Para enfrentar condições ambientais adversas, a morada finlandesa possui propostas que a diferenciam de projetos semelhantes no Brasil. O piso, por exemplo, é aquecido, usando o calor do solo. A circulação coberta por vidro, estruturada com o mesmo material, foi calculada para suportar o peso da neve e possui um sistema que acelera o derretimento. Os fechamentos da residência são de madeira de origem canadense (resumidamente, um sanduíche de madeira na parte externa, seguido de colchão de ar, material térmico e gesso acartonado por dentro), solução que só apareceu na segunda fase do concurso. Inicialmente, ela seria inteiramente de concreto aparente, mas com aparência final semelhante, pois as fôrmas seriam verticais, tais como as réguas. A construção está sobre uma base de concreto. A estrutura é invisível e variada. Definida por um profissional finlandês, mistura concreto, aço e madeira, conforme a necessidade específica de cada situação. “Achamos a situação muito curiosa, pois no Brasil, em geral, definimos um sistema estrutural preponderante”, conta Fanucci, sentado à frente de enormes reproduções de obras de Aalto nas paredes da sala de reuniões de seu escritório. “Mas achamos pertinente o raciocínio e aceitamos.”
O pátio da sala de estar, protegido em três faces, possibilita o uso da área externa no verão. Esse tipo de solução fazia parte de alguns trabalhos de Aalto, como a casa de Muuratsalo (1953). “Em todos os projetos que fazemos, consideramos as questões de Aalto. Neste, não poderia ser diferente”, conclui Ferraz.
Publicada originalmente em PROJETODESIGN
Edição 358 Dezembro de 2009
Francisco Fanucci e Marcelo Ferraz (FAU/USP, 1977 e 1978, respectivamente), titulares do escritório Brasil Arquitetura, são autores de inúmeros projetos, como o Museu Rodin, o Museu do Pão e a residência no Morumbi



Para nós, é impossível pensar na arquitetura moderna brasileira sem a forte influência da Finlândia, através da obra genial de Alvar Aalto. Quando buscamos nossas raízes, ou melhor, nossas matrizes referenciais, deparamo-nos com estruturas, concepções de espaço, lógicas construtivas, apropriação de materiais e relações com o ambiente natural e urbano oriundas da experiência finlandesa na arquitetura.

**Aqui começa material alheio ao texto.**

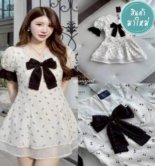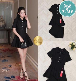 มินิเดรส+กางเกงขาสั้น ตัวเดรสคอปก แขนสั้น อกติดกระดุมเพชร ชายเดรสเย็บจีบ ซิปหลัง
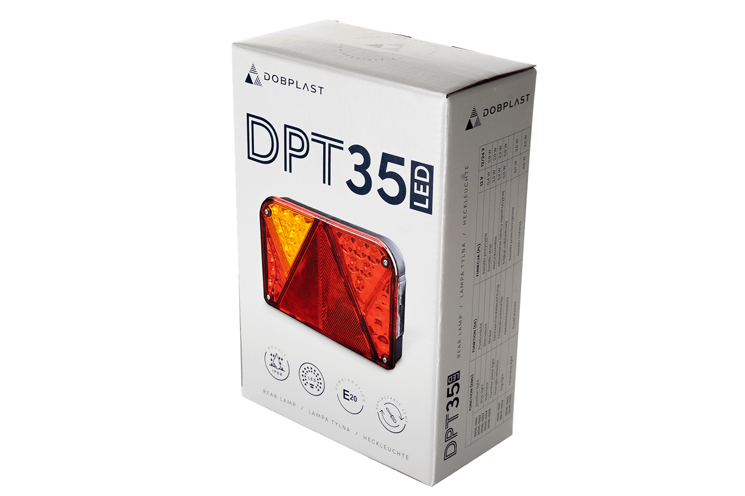 - Zadní světlo DPT35 LED DOBPLAST je určeno pro montáž na pravou stranu. Nabízí šest funkcí: obrysové světlo, brzdové světlo, couvací světlo, směrové světlo, osvětlení registrační značky a reflexní trojúhelník.
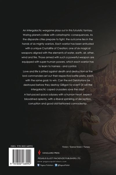 An intergalactic wargame plays out in this futuristic fantasy. Waring planets collide with catastrophic consequences. As the disparate cities prepare to fight, the outcome lies in the hands of six mighty warriors. Each warrior has been entrusted with a unique Crystallite of Creation; one of six magical weapons aligned with the elements of water, earth, air, ether, wind and fire. Those armed with such a powerful weapon are equipped with super-human powers, which each warrior has to learn to harness - and control. Love and life is pitted against death and destruction as the lord commanders set out their respective battle plans, each with the same goal: to win. Can the evil Delatorians be destroyed before they destroy Gilligon for ever? Or will the intergalactic caped crusaders save the day? A fast-paced space odyssey with a human heart, expect bloodshed aplenty, with a liberal sprinkling of deception, corruption and good old-fashioned comradeship.
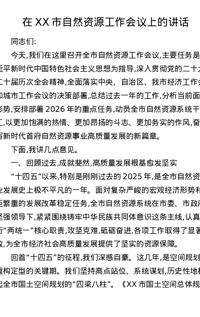 在XX市自然资源工作会议上的讲话
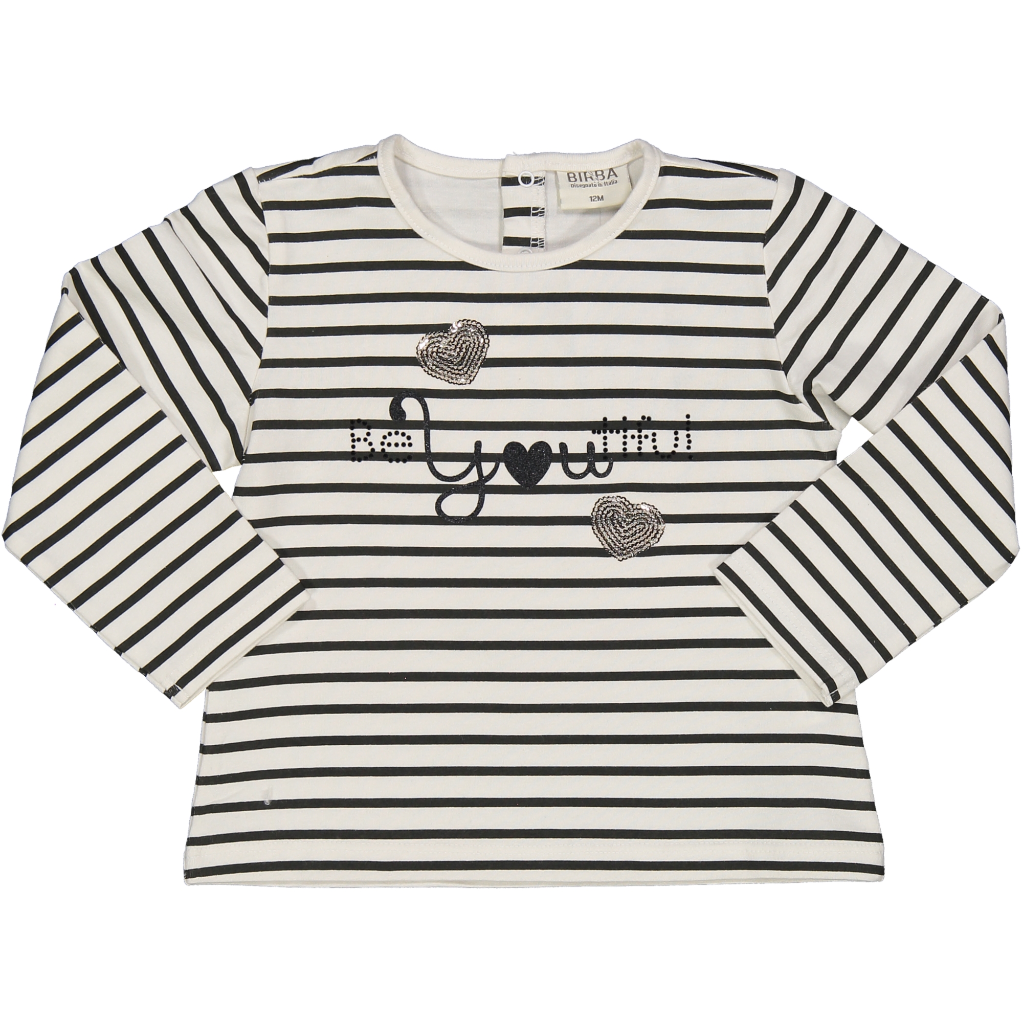 Μπλούζα BIRBA Ριγέ Εκρού-Μαύρο με παγιέτες καρδούλα

Basta voltar os olhos para uma das obras máximas de Oscar Niemeyer, o conjunto da Pampulha - mais especificamente o edifício do cassino -, para encontrar Alvar Aalto pulsando nos detalhes, na escolha e no encontro dos materiais, na magia do espaço, na recriação da luz.

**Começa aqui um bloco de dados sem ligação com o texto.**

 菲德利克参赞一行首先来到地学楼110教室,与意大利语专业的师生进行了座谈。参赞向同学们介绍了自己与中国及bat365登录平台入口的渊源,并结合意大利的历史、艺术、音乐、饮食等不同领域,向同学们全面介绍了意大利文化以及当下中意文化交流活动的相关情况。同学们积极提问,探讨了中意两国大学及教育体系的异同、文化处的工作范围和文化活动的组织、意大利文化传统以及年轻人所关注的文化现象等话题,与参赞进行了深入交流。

Brasil e Finlândia, tão longe, tão perto através da arquitetura. Podemos afirmar que nosso projeto para a casa na Finlândia é marcado por uma vontade antagônica de aparecer e desaparecer: por um lado, colocar-se clara e contundentemente no local, no território; por outro, mimetizar-se no bosque, camuflar-se, quase sumir, mas nunca se submeter. A residência deverá se apresentar com personalidade própria na paisagem, mas sem agredi-la. A integração com a natureza será dosada, calculada; será variável de acordo com cada estação do ano: sob diferentes circunstâncias, os materiais, as cores, os elementos construtivos deverão propiciar diferentes experiências.